- Incumbent Maurizio Massari since July 19, 2021
- Style: His Excellency (formal) Mr. Ambassador (informal)
- Reports to: National Security Council
- Website: italyun.esteri.it/en/

= Permanent Representative of Italy to the United Nations =

Permanent Representatives of Italy to the United Nations from October 1, 1947

The Permanent Representative of Italy to the United Nations is the leader of the diplomatic mission representing Italy at the United Nations Organization. Italy has been a member of the United Nations since December 14, 1955.

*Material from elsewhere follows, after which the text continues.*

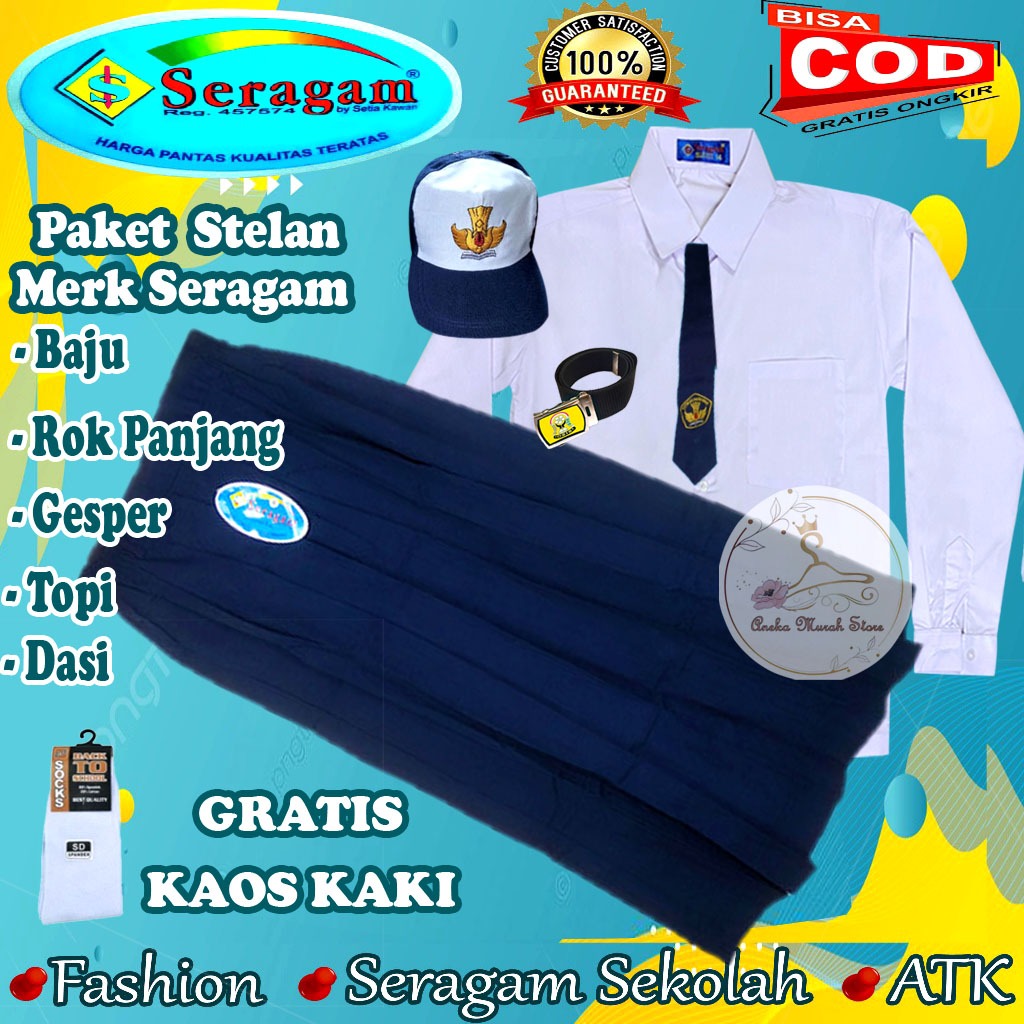 Stelan Baju SMP Lengan Panjang Rok Rempel Panjang Merk Seragam

Maurizio Massari is the current Permanent Representative of Italy to the United Nations in New York. In this role, Massari serves as Vice-President of the 79th session of the United Nations General Assembly. He has been serving in his position as permanent representative since July 19, 2025.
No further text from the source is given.